#### Exercise materials
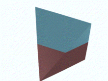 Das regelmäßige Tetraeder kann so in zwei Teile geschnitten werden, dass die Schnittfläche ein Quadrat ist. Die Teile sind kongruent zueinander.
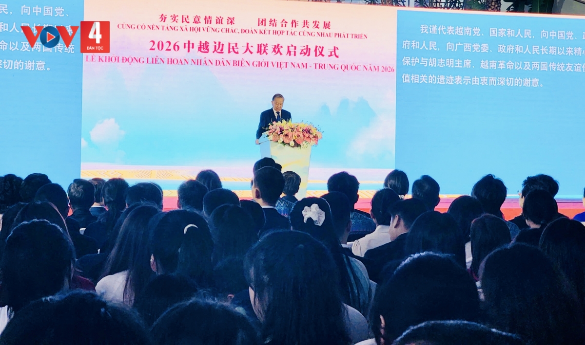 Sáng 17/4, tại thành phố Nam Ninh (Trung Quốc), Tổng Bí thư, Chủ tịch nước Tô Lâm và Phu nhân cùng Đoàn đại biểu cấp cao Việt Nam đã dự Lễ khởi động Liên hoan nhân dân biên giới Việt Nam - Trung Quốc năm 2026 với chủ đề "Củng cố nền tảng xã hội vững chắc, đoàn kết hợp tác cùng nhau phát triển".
* * *
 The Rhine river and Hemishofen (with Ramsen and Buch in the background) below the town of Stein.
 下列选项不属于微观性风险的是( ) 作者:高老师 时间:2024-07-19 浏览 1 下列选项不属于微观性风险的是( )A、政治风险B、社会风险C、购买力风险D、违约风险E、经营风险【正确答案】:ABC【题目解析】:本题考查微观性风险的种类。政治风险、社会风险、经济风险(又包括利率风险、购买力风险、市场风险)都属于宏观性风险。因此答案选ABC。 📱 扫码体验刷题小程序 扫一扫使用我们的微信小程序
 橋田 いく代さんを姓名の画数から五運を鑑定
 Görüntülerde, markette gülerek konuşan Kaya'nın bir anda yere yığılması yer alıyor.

#### Problem description
Please give back exactly the lines of the listing above that run from the one containing "橋田 いく代さんを姓名の画数から五運を鑑定" through the one containing "Görüntülerde, markette gülerek", and only those.

#### The answer
 橋田 いく代さんを姓名の画数から五運を鑑定
 Görüntülerde, markette gülerek konuşan Kaya'nın bir anda yere yığılması yer alıyor.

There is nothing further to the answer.